The python library that facilitates

  • Parsing and validation of USFM files using tree-sitter-usfm3
  • Conversion of USFM files to other formats (USX, dict, list etc)
  • Extraction of specific contents from USFM files like scripture alone(clean verses), notes (footnotes, cross-refs) etc

Built on python 3.10

Installation

pip install usfm-grammar

This requires a C compiler. On Windows, Microsoft Visual C++ 14.0 or above is required. It is recommended that you update pip, setuptools and wheel.

Usage

By importing library in Python code

from usfm_grammar import USFMParser, Filter

# input_usfm_str = open("sample.usfm","r", encoding='utf8').read()
input_usfm_str = '''
\\id GEN
\\c 1
\\p
\\v 1 test verse
'''

my_parser = USFMParser(input_usfm_str)

errors = my_parser.errors
print(errors)
To convert to USX
from lxml import etree

usx_elem = my_parser.to_usx() # default filter=ALL
print(etree.tostring(usx_elem, encoding="unicode", pretty_print=True))
To convert to Dict/USJ
output = my_parser.to_usj() # default all markers

# filters out specified markers from output
# output = my_parser.to_usj(exclude_markers=['s1','h', 'toc1','toc2','mt'])

# retains only specified contents from output
# output = my_parser.to_usj(include_markers=['id', 'c', 'v']) 

# use predefined marker groups instead of listing them one by one
# output = my_parser.to_usj(include_markers=Filter.BCV+Filter.TEXT)

# for a flattened JSON removing nesting brought in by paragraphs, lists, quotes, tables and character level markups
# output = my_parser.to_usj(exclude_markers=Filter.PARAGRAPHS+Filter.CHARACTERS)

# To NOT concatinate text extracted from different markers
# output = my_parser.to_usj(exclude_markers=Filter.PARAGRAPHS+Filter.CHARACTERS, combine_texts=False) 

print(output)

To understand more about how exclude_markers, include_markers, combine_texts and Filter works refer the section on filtering on USJ

To save as json
import json
dict_output = my_parser.to_usj()
with open("file_path.json", "w", encoding='utf-8') as fp:
	json.dump(dict_output, fp)
To convert to List or table like format
list_output = my_parser.to_list() 
#list_output = my_parser.to_list([Filter.SCRIPTURE_TEXT])
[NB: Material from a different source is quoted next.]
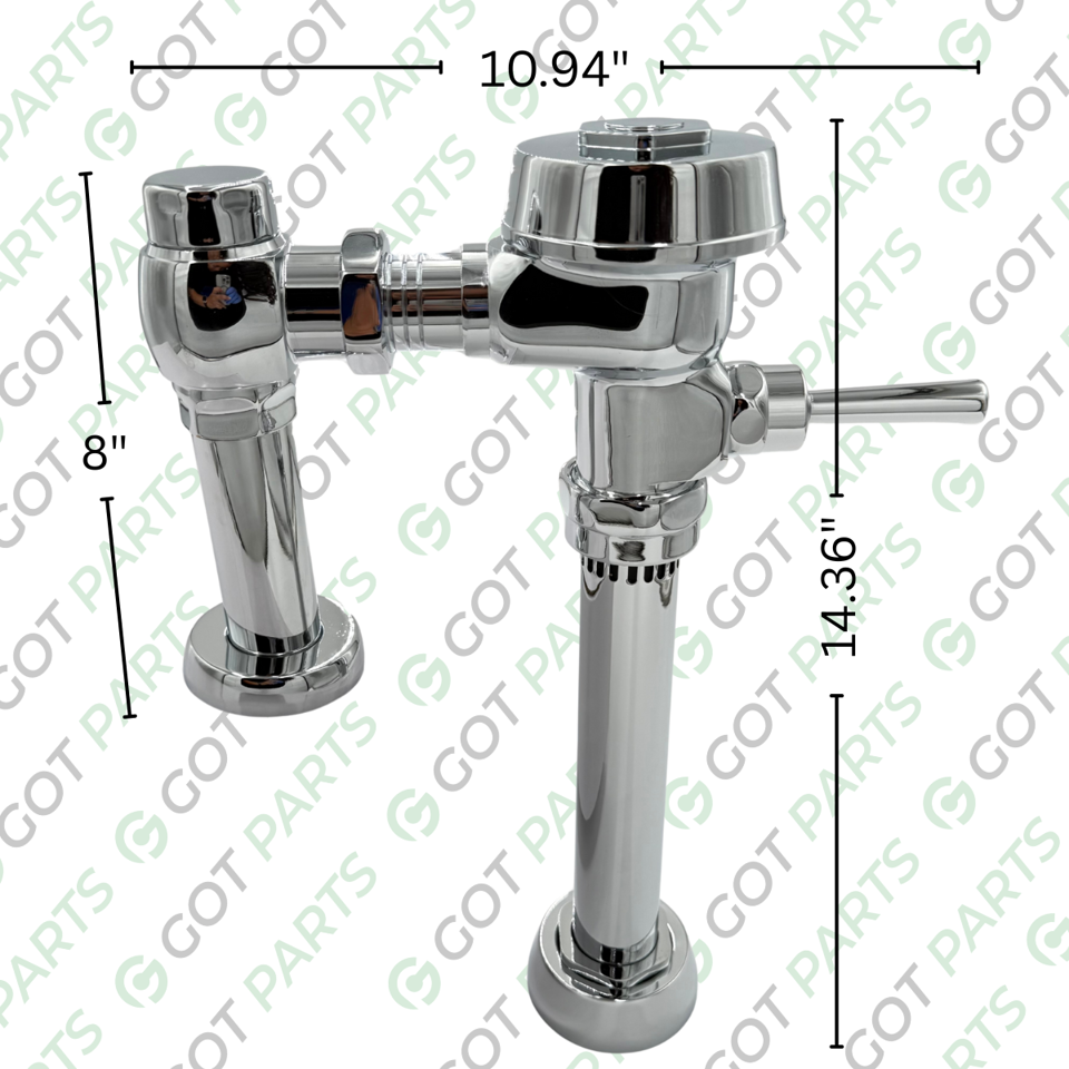 Polished Chrome Finish, Fixture Connection Top Spud, Single Flush, Exposed Manual Water Closet Flushometer

table_output = "\n".join(["\t".join(row) for row in list_output])
print(table_output)

To round trip with USJ
from usfm_grammar import USFMParser, Filter

my_parser = USFMParser(input_usfm_str)
usj_obj = my_parser.to_usj()

my_parser2 = USFMParser(from_usj=usj_obj)
print(my_parser2.usfm)

:warning: There will be differences between first USFM and the generated one in 1. Spaces and lines 2. Default attributes will be given their names 3. Closing markers may be newly added

To remove unwanted markers from USFM
from usfm_grammar import USFMParser, Filter, USFMGenerator

my_parser = USFMParser(input_usfm_str)
usj_obj = my_parser.to_usj(include_markers=Filter.BCV+Filter.TEXT)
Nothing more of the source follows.